The throughput equation

Every Kafka request carries fixed overhead. A producer that sends one record per request wastes most of its bandwidth on protocol framing and network round trips. The single most effective lever is batching: group many records into one request so the per-record overhead shrinks toward zero.

effective_throughput ≈ (batch_size × compression_ratio) / (per_request_overhead + transfer_time)

Three families of settings move this equation: producer batching/compression, partition count, and consumer fetch sizing. Tune them together — adding partitions without enough consumer threads, or compressing without bigger batches, leaves throughput on the table.

Producer: batch harder and compress

By default the producer flushes as soon as a batch is ready. Raising batch.size and adding a small linger.ms lets batches fill before they are sent, dramatically increasing records per request. Compression then shrinks the on-wire and on-disk payload, which both saves network and lets the broker write fewer bytes.

PropertyDefaultThroughput settingEffect
batch.size16384 (16 KB)131072–262144 (128–256 KB)More records per request
linger.ms010–100Lets batches fill before sending
compression.typenonelz4 or zstd2–5x smaller payloads
buffer.memory33554432 (32 MB)67108864–134217728 (64–128 MB)Buffers more in-flight batches
acksallall (keep)Durability; pair with idempotence
max.in.flight.requests.per.connection55Keeps the pipeline full
Properties props = new Properties();
props.put(ProducerConfig.BOOTSTRAP_SERVERS_CONFIG, "broker1:9092,broker2:9092");
props.put(ProducerConfig.KEY_SERIALIZER_CLASS_CONFIG, StringSerializer.class.getName());
props.put(ProducerConfig.VALUE_SERIALIZER_CLASS_CONFIG, StringSerializer.class.getName());

// Throughput recipe
props.put(ProducerConfig.BATCH_SIZE_CONFIG, 256 * 1024);          // 256 KB batches
props.put(ProducerConfig.LINGER_MS_CONFIG, 50);                   // wait up to 50 ms
props.put(ProducerConfig.COMPRESSION_TYPE_CONFIG, "zstd");        // high-ratio compression
props.put(ProducerConfig.BUFFER_MEMORY_CONFIG, 128L * 1024 * 1024); // 128 MB buffer
props.put(ProducerConfig.ACKS_CONFIG, "all");
props.put(ProducerConfig.ENABLE_IDEMPOTENCE_CONFIG, true);

try (KafkaProducer<String, String> producer = new KafkaProducer<>(props)) {
    for (int i = 0; i < 1_000_000; i++) {
        producer.send(new ProducerRecord<>("events", Integer.toString(i), payload(i)));
    }
}

Tip: zstd gives the best compression ratio and usually the highest end-to-end throughput on modern hardware; lz4 costs less CPU per byte and is the safer pick when producer cores are saturated. Always benchmark with your real payloads — text and JSON compress far better than already-compressed binary.

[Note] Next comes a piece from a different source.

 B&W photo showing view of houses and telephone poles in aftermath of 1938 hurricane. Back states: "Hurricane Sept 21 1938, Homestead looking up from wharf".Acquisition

In Spring Boot, set the same keys under spring.kafka.producer:

spring:
  kafka:
    bootstrap-servers: broker1:9092,broker2:9092
    producer:
      acks: all
      batch-size: 262144        # 256 KB
      buffer-memory: 134217728  # 128 MB
      compression-type: zstd
      properties:
        linger.ms: 50
        enable.idempotence: true

Scale out with partitions

A single partition is processed by at most one consumer in a group, so partition count is the hard ceiling on consumer parallelism. To raise consumer-side throughput you must have at least as many partitions as you want concurrent consumers.

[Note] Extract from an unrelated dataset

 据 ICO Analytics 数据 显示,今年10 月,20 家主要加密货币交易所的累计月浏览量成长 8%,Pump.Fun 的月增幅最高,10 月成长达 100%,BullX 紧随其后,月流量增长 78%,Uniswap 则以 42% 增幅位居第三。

kafka-topics.sh --bootstrap-server broker1:9092 \
  --alter --topic events --partitions 24
**Output:**
Topic: events  PartitionCount: 24  ReplicationFactor: 3

Warning: Increasing partitions on a keyed topic changes the key-to-partition mapping, breaking per-key ordering for keys already in flight. Plan partition counts up front for keyed streams, and never shrink — Kafka does not support reducing partitions.

A practical sizing heuristic: target partitions ≥ peak consumers, and keep each partition’s sustained write rate well under broker capacity. See partition sizing for the full method.

Consumer: fetch bigger, process in parallel

Consumers also benefit from batching. Raising fetch.min.bytes tells the broker to wait until it has accumulated enough data before responding, so each fetch returns more records. fetch.max.wait.ms caps that wait so you do not starve under low load. Then run one consumer thread per partition.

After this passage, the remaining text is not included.